Как только они отплыли, один из матросов взобрался на мачту, но подзорную трубу направил не на линию горизонта, а на волны. Лисе не пришлось долго гадать, что он с таким озабоченным видом высматривает в воде.
– Фунаюрэй-и-и!1
Лисе было любопытно, какое существо вызвало такой ужас, что пассажиры тут же отпрянули от поручней. Но из утренней дымки вынырнула всего лишь рыбачья лодка, и впередсмотрящий дал отбой. Похоже, переправа из Хонгука в Нихон считалась делом опасным. Впередсмотрящий еще не раз объявлял тревогу, но им не встречалось ничего опаснее косяка летучих рыб, а ронины при всех криках с мачты оставались настолько невозмутимыми, что Лиса уже смотрела только на них, когда матросу опять мерещилось что-то ужасающее. «Самая опасная тварь сидит там, в паланкине!» – захотелось ей наконец крикнуть дозорному на мачте, и, даже когда вдалеке из волн поднялось серебристое туловище гигантского морского змея и его красота заставила большинство пассажиров забыть о страхе, Лисе чудилось только серебро, в которое ее некогда превратил брат Шестнадцатой.

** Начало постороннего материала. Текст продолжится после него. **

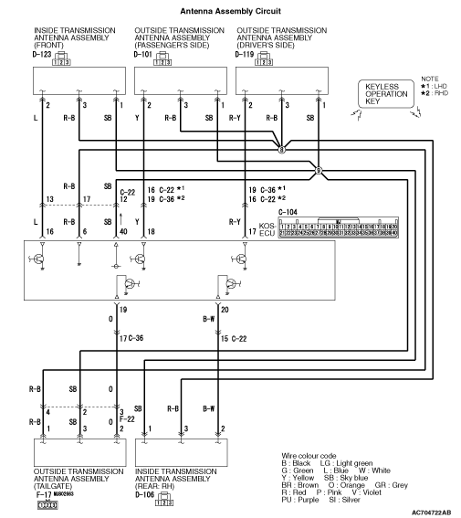 - Wiring harness between C-104 KOS-ECU connector terminal No. 40 and D-106 inside transmitter antenna (rear: RH) connector terminal No. 1
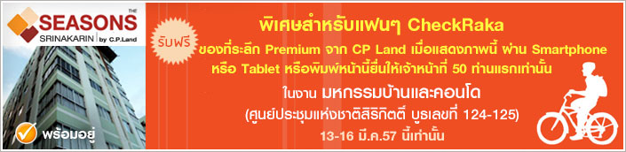 พิเศษ! สำหรับแฟนๆ CheckRaKa.com รับฟรีของที่ระลึก Premium จาก CP Land เมื่อแสดงภาพนี้ ผ่าน Smartphone หรือ Tablet หรือพิมพ์หน้านี้ยื่นให้เจ้าหน้าที่ ที่บูธเลขที่ 124-125 จำนวน 50 ท่านแรกเท่านั้น ในงาน มหกรรมบ้าน และคอนโด ณ ศูนย์ประชุมแห่งชาติสิริกิตต์ 13-16 มี.ค. 57 นี้เท่านั้น
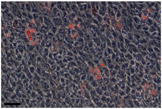 Unlike osteogenic differentiation, the propensity of liver MSCs for adipogenic differentiation in vitro is somewhat questionable. Some studies show that under standard adipogenic conditions [3] liver MSCs differentiate into adipocytes and accumulate lipid vacuoles [22,28,92], while other works deny this fact [20,21,72]. In our work, we demonstrated that in a population of liver MSCs isolated from the liver of patients with alcoholic cirrhosis, a proportion of cells are able to accumulate lipid droplets 3 weeks after the induction of adipogenic differentiation in a growth medium supplemented with insulin, IBMX (3-isobutyl-1-methylxanthine), dexamethasone, and indomethacin [93] (Figure 2).
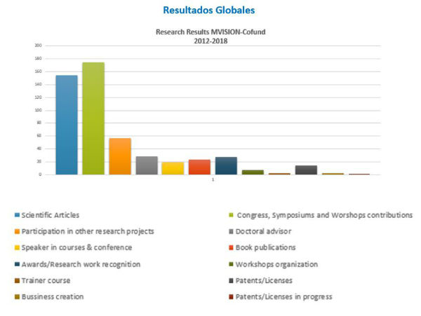 De forma global, entre los resultados más destacables tenemos la participación en 175 Congresos, Symposiums, Conferencias y Seminarios, la publicación de 154 artículos en revistas científicas, la participación en 57 proyectos de investigación y la presentación de 14 solicitudes de patentes/licencias. Además, en la tercera convocatoria de fellows se han creado dos empresas que darán continuidad al trabajo investigador de tres de los 26 fellows participantes en el programa.
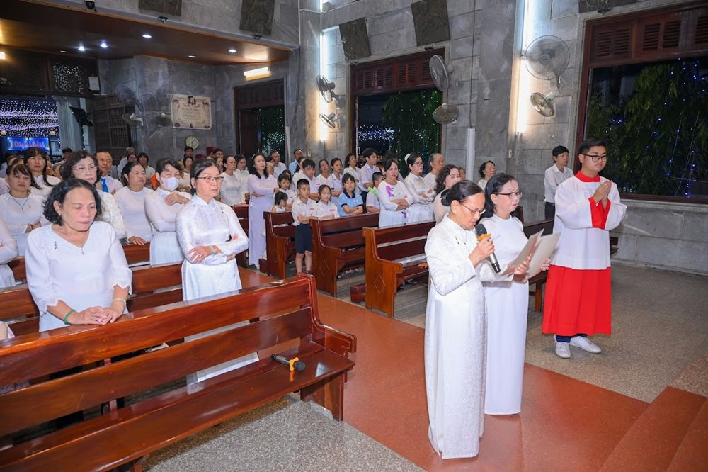 Trước Thánh lễ, lúc 17g00, các hội viên quy tụ trong ngôi thánh đường cùng nhau lần hạt kinh Mân côi qua năm sự vui.
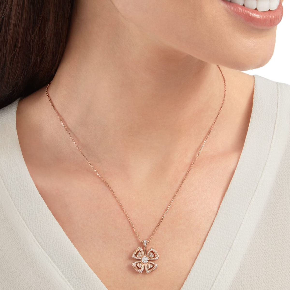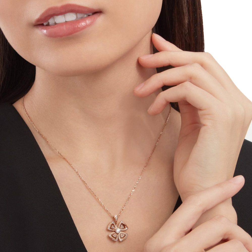 Blooming amongst the marvels of the Eternal City, Fiorever draws inspiration from the alluring four-petal flower cherished by the Romans as a symbol of happiness and joy. The blend of two meaningful words, Fiore, Italian for flower, and forever, Fiorever celebrates the Roman love for life with a striking, passionate design. Meant to sparkle with an eternal glow, Bvlgari’s precious floral icon is crafted with a central diamond embraced by four rose gold open-worked petals shimmering with pavé diamonds. Fiorever necklace in 18 kt rose gold with a diamond and pavé diamonds.
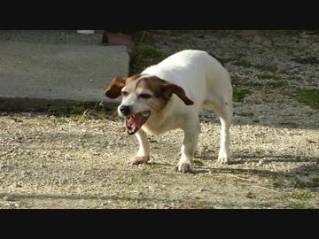 南国の果実 「フェイジョア」をおいしそうに食べる おばあさん犬
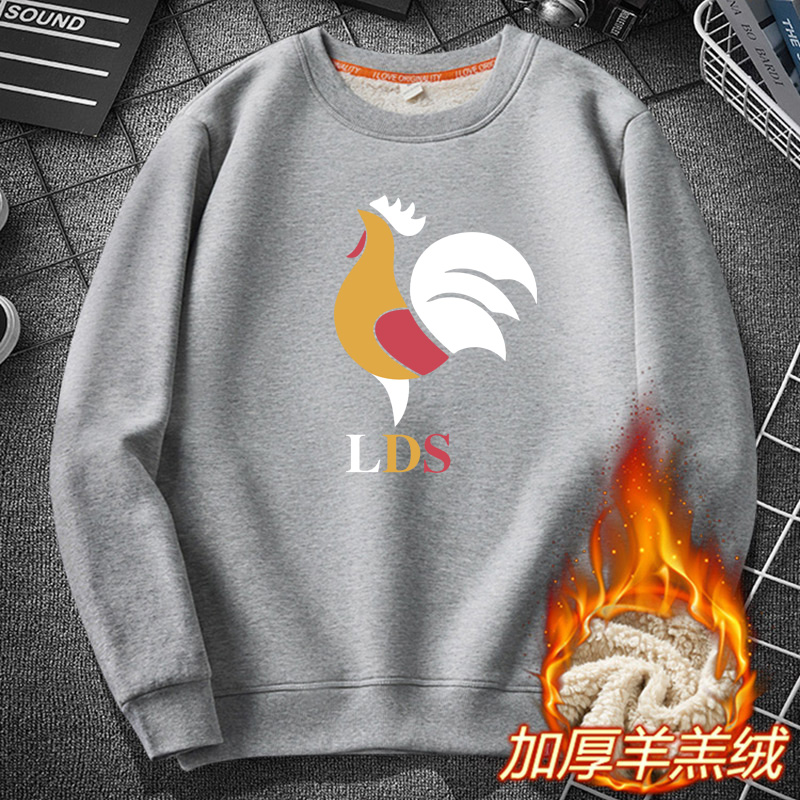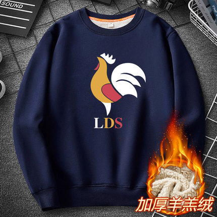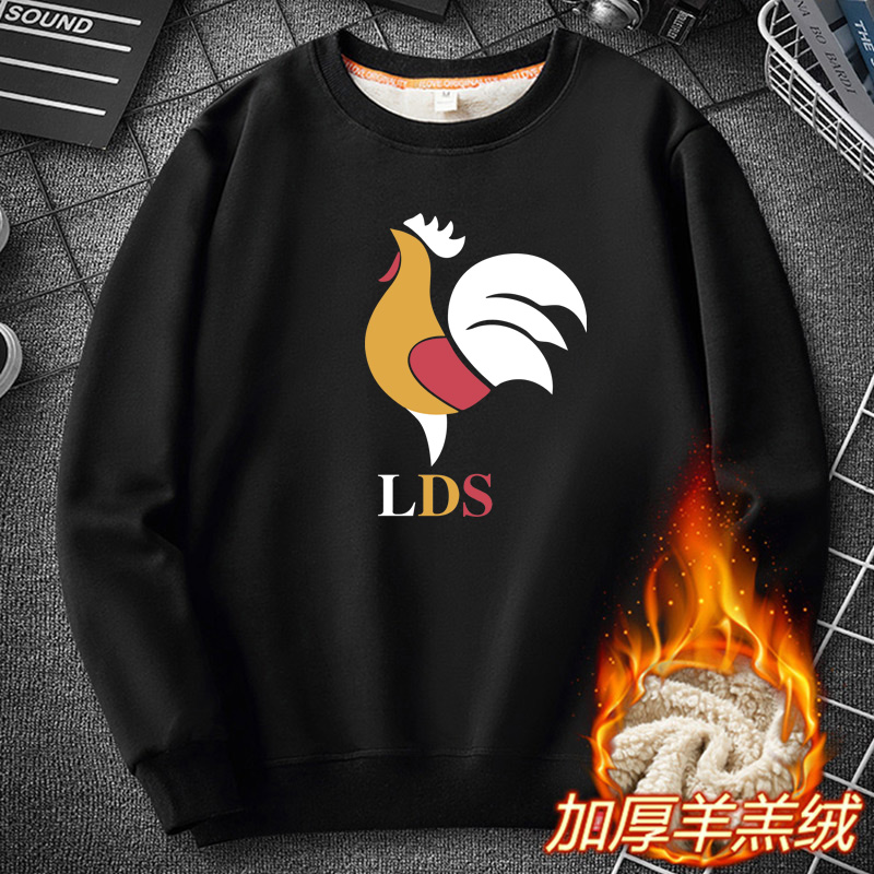 法国公鸡羊羔绒卫衣男秋冬大码加绒加厚圆领宽松冬季保暖衣上衣潮

Морской змей, извиваясь, поплыл прочь, не обращая на корабль никакого внимания, и носильщики паланкина отходили от ужаса, выстроившись в очередь к старику, на носу корабля наливавшему пассажирам горячий суп по распоряжению капитана. Предоставлялся удобный случай, а Лиса только этого и ждала.
Полог паланкина смотрелся дорого лишь издали. Шелк был не очень чистым и местами прохудился. «А те, кто из стекла, что-нибудь едят?» – спрашивала себя Лиса, медленно приближаясь к паланкину. Она помнила взгляд Шестнадцатой – без всякого сочувствия к страху жертвы, почти насмешливый. Серебряный кинжал Игрока… Какое из краденых лиц она явила Уиллу или он влюбился во все? Лиса остановилась на достаточном удалении от паланкина, ровно там, где сидящая не могла дотронуться до нее.
– Лиса. Пришла, чтобы насладиться моим несчастьем?
Разумеется, она узнала Лису, ведь лица – это ее конек.
– Зачем мне это? Я слышала, мы теперь на одной стороне. Хотя верится с трудом. Я не забыла, кто тебя создал.
Рука отдернула полог настолько, чтобы Лиса могла заглянуть внутрь. Лицо Шестнадцатой было из дерева и стекла. На щеках и затылке наросла древесная кора.
– Тот, кто меня создал, сотворил со мной и все это. Левая рука у меня деревянная, а брат мертв.
Брат… У тебя нет братьев, – хотела сказать Лиса. Но кто определит, что значит это слово? К двум собственным старшим братьям она испытывала отвращение, хотя у них была одна мать.
Уилл заметил, что Лиса стоит у паланкина. Оставаясь рядом с братом, он не спускал с нее глаз.
Лиса, спроси ее!
– Игрок все еще в другом мире или тоже вернулся, как тот ольховый эльф, о котором ты рассказывала Уиллу?
Ответить Шестнадцатая не успела. Впередсмотрящий закричал вновь, но на этот раз он указывал не в море, а на палубу. Рядом с грот-мачтой постепенно вырисовывался человеческий силуэт, – казалось, такую форму, сгущаясь, принимал поднимающийся от воды туман. Даже матросы в ужасе отшатнулись, и один из них едва не свалился за борт.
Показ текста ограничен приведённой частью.